BEGIN

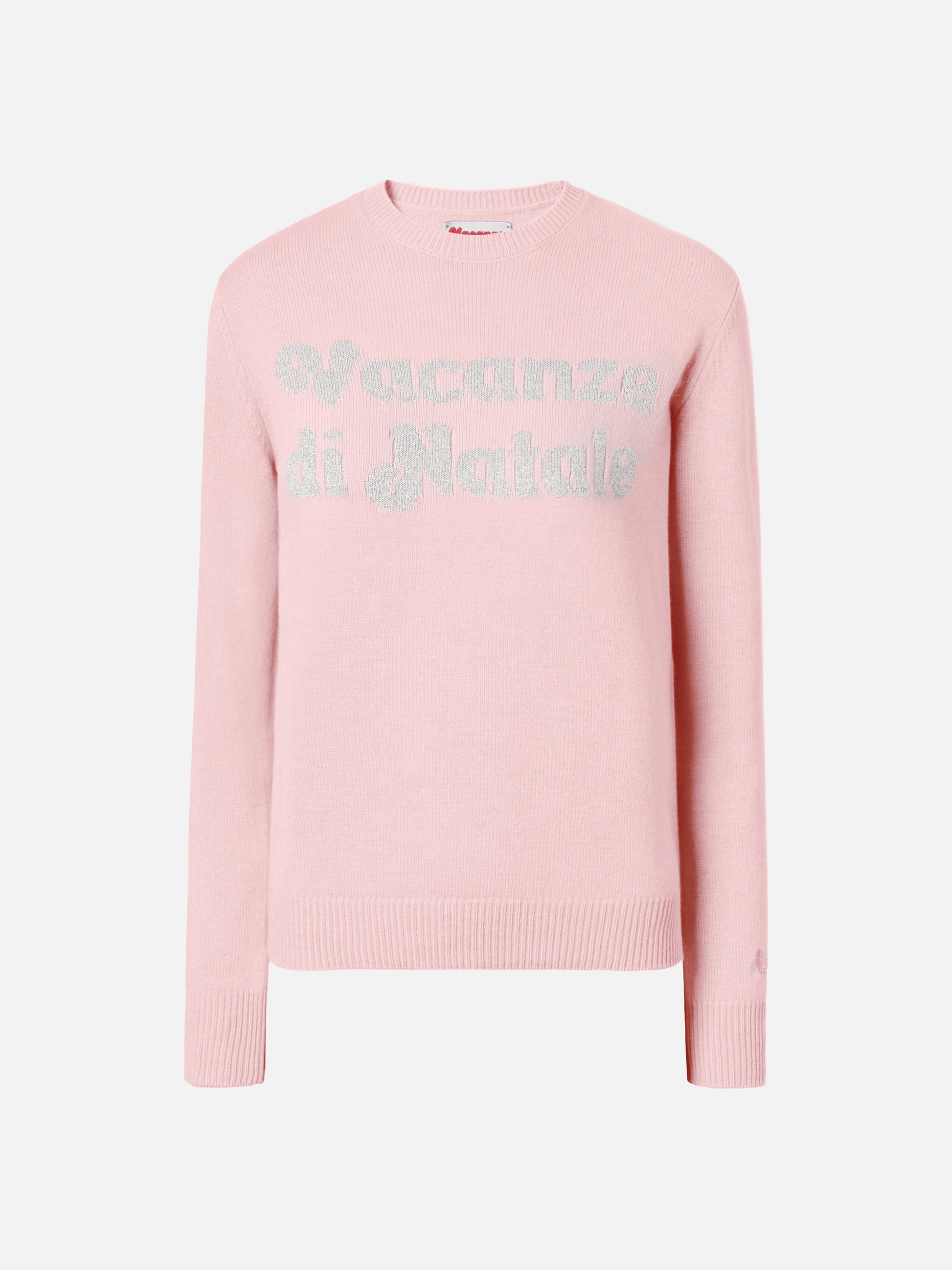 New Queen-Pullover aus Kaschmirmischung in Rosa mit Lurex-Jacquard von Vacanze di Natale | VACANZE DI NATALE SONDERAUSGABE
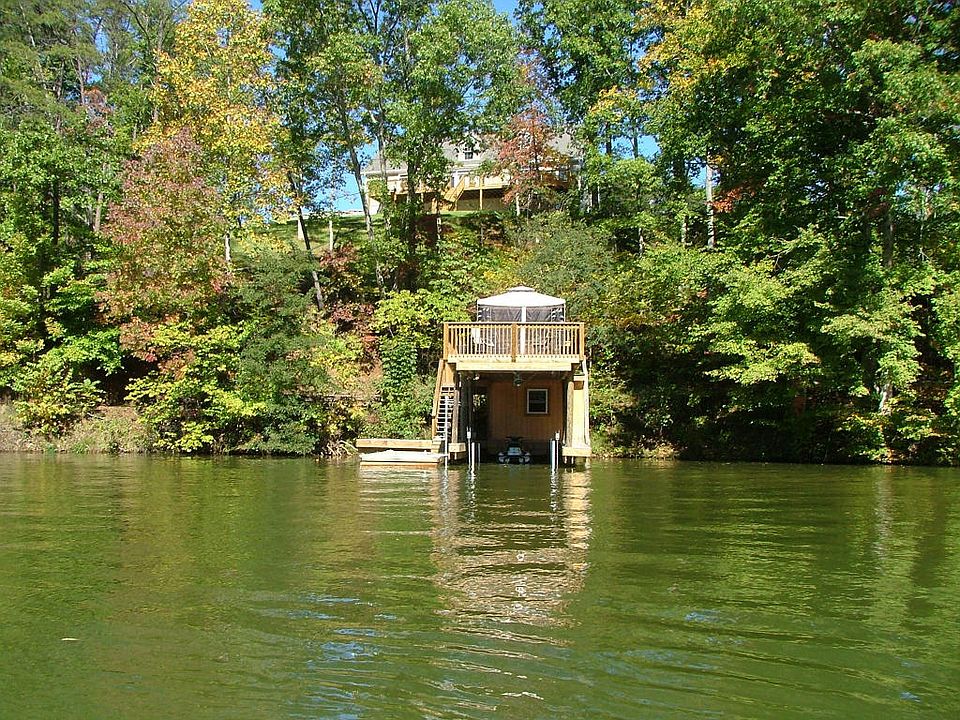 Deck overlooking water is 58 x 12. House is on 12'' concrete foundation. Hot tub is negotiable. Large over-sized garage can accommodate more than 2 vehicles. Property is secluded & on quiet cove. Gravel part of driveway to water is Deeded Right of Way.American Home Shield Warranty to be provided. 2nd Office up adjoining Master Suite.
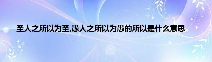 以上就是【圣人之所以为圣,愚人之所以为愚的所以是什么意思】相关内容。
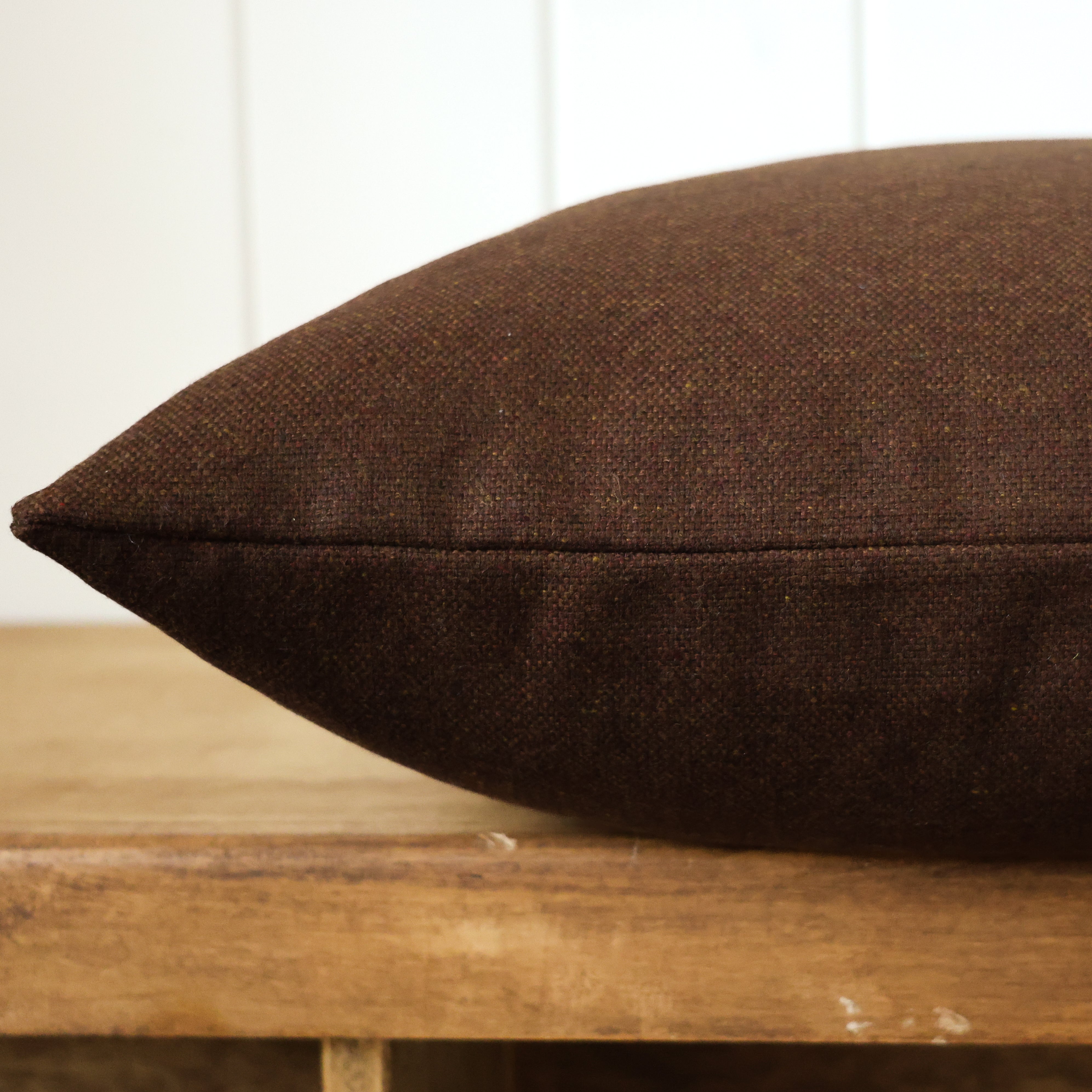 The Pumpernickel Wool Plaid Pillow Cover, a designer piece crafted from fine wool fabric that perfectly captures the essence of the cool weather season. Featuring a rich, deep hues in a classic solid design, this pillow cover brings a touch of timeless elegance and cozy warmth to your space. The luxurious wool fabric offers rustic charm, making it an ideal accent for both traditional and modern interiors. Perfect for layering, this pillow cover enhances your home with a sophisticated, autumnal vibe.

END

**To do**
Put down exactly the lines of the data above that run from its first line through the line bearing "以上就是【圣人之所以为圣,愚人之所以为愚的所以是什么意思】相关内容。", and no pictures.

**Solution to the exercise**
 New Queen-Pullover aus Kaschmirmischung in Rosa mit Lurex-Jacquard von Vacanze di Natale | VACANZE DI NATALE SONDERAUSGABE
 Deck overlooking water is 58 x 12. House is on 12'' concrete foundation. Hot tub is negotiable. Large over-sized garage can accommodate more than 2 vehicles. Property is secluded & on quiet cove. Gravel part of driveway to water is Deeded Right of Way.American Home Shield Warranty to be provided. 2nd Office up adjoining Master Suite.
 以上就是【圣人之所以为圣,愚人之所以为愚的所以是什么意思】相关内容。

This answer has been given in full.